I have not done what you are proposing. Your method may or may not apply sufficient pressure to bring the edge banding against what I assume is plywood to leave a nearly invisible glue seam. I will hereafter refer to the material to which the edge banding is applied as plywood. I suspect that this method may apply more pressure on the top face (where the heavy duty rubber bands are placed) than on the opposite face, even with the C clamps on the ends. The force could be better equalized by installing every other screw on the opposite side of the 2" x 36" cauls. But even with this, less than perfectly mated plywood/edge banding could result in a wider glue seam in the center than at the ends (where C clamps are applied). My conclusion is that your clamping may work but I am not sure it will yield the tightest glue seam.

Some alternative options are:

1) Use a C clamp to pull the edge banding tight to the plywood at one end. Then apply masking tape tightly across the edge banding on each side of the C clamp. Move the C clamp a few inches away and re-clamp and apply masking tape. This process would continue down the length of the work piece.

2) Make a curved caul. Assuming the work piece is 36" long, the curve caul would be at least 36" long or even a few inches longer x 2" wide. The caul would begin as a rectangle ¾" thick (the thickness of the edge banding). Draw a smooth curve on the face of the rectangular caul so that the width of the caul at the ends of the caul is ¼" less than the width of the caul at the center. The curve can then be cut into the caul at the bandsaw or with a jigsaw. The curve edge is the smoothed with some scraping or sanding. Once the curved caul is made, it can be positioned so that the top of the crown is at the center (along the length of the edge banding). C clamps are the applied to the ends of the curved caul until the curved caul is snug against the edge banding along the length of the edge banding.

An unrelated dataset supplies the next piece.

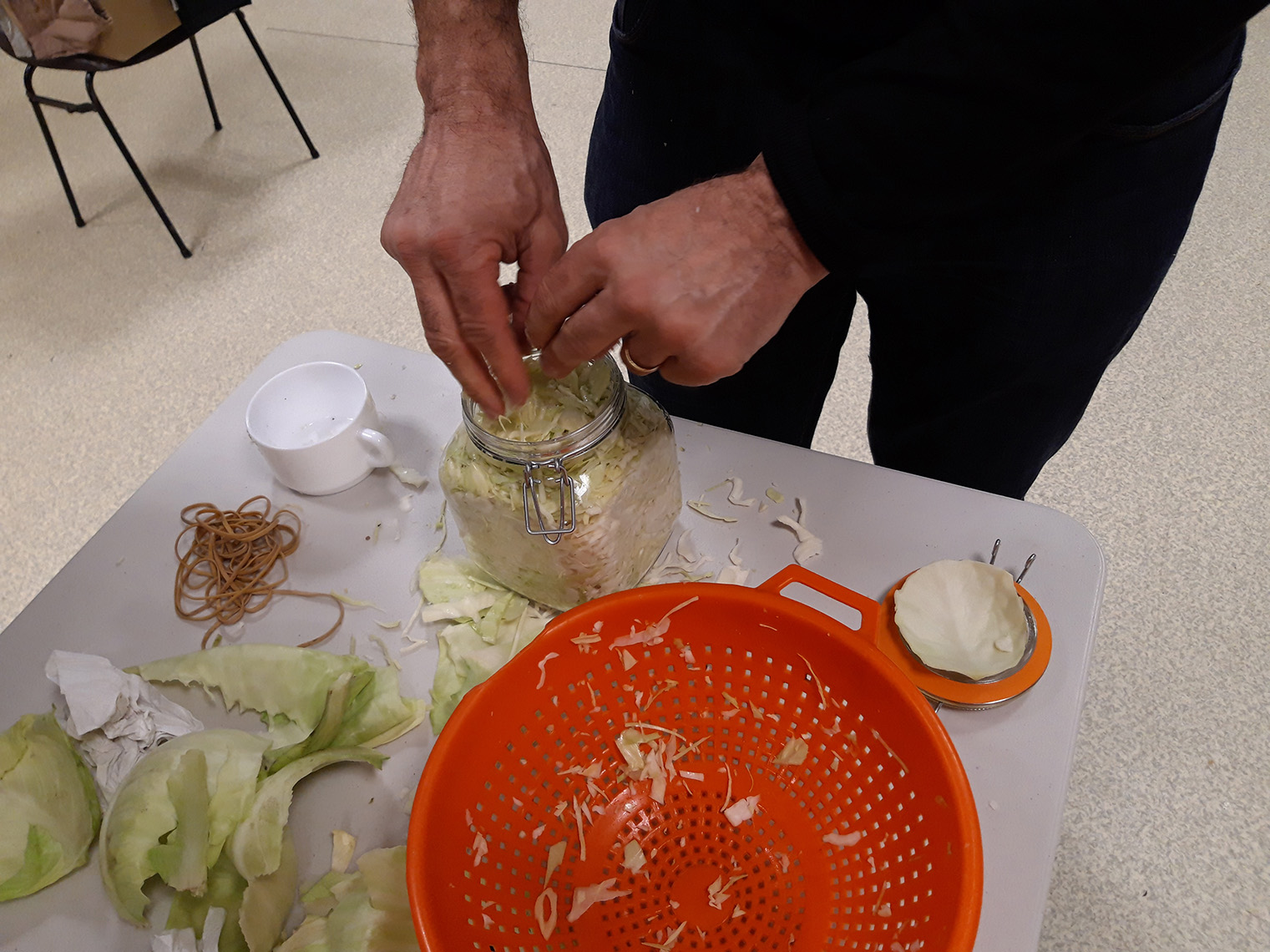 - Prendre des bocaux de type Parfait, des joints en caoutchouc neuf et un élastique pour appuyer sur le bocal dans le sens de la hauteur (donc un élastique assez grand ) ⊠ou une jarre de fermentation pour les grosses quantités pour les choucroutes !

3) Make a clamping jig which consists of a flat base on which the plywood and edge banding would lie flat. A straight edge perhaps 1-1/2" wide is secured to one long edge of the flat base. This straight edge would be thickness (height) of the edge banding. On the opposite long edge of the flat base a second straight edge would be firmly screwed in place. The distance between the inside edges of the these two straight edges attached on opposites edges of the flat base would allow the plywood and edge banding to set between the two straight edges while leaving a gap of about 1/8". Then tapered shims, either cut from scrap in the shop or purchased at the home center, would be driven into the 1/8" gap to draw the edge banding tight to the plywood. The wedges would be driven between the plywood and the second straight edge to prevent damaging the edge banding. A dead blow mallet may be required to keep the plywood and edge banding flat against the base once the wedges are driven tight. It is CRICTICAL to apply SEVERAL coats of furniture past wax to the based especially where glue will squeeze out. Otherwise the workpiece could become glued to the flat base.


----------



## Rayne (Mar 9, 2014)

All I can think of are the Rockler Bandy clamps and Peachtree USA's Flex-A-Band. But I would you're just looking into making some.
 
Rockler Bandy Clamps
 
Flex-A-Band


----------



## Lazyman (Aug 8, 2014)

If I understand what you are thinking, I think it is going to be difficult to keep everything from slipping around. I usually use a pin nailer to hold everything in place while the glue dries. It leaves nearly invisible holes and adds a little mechanical support as well.


----------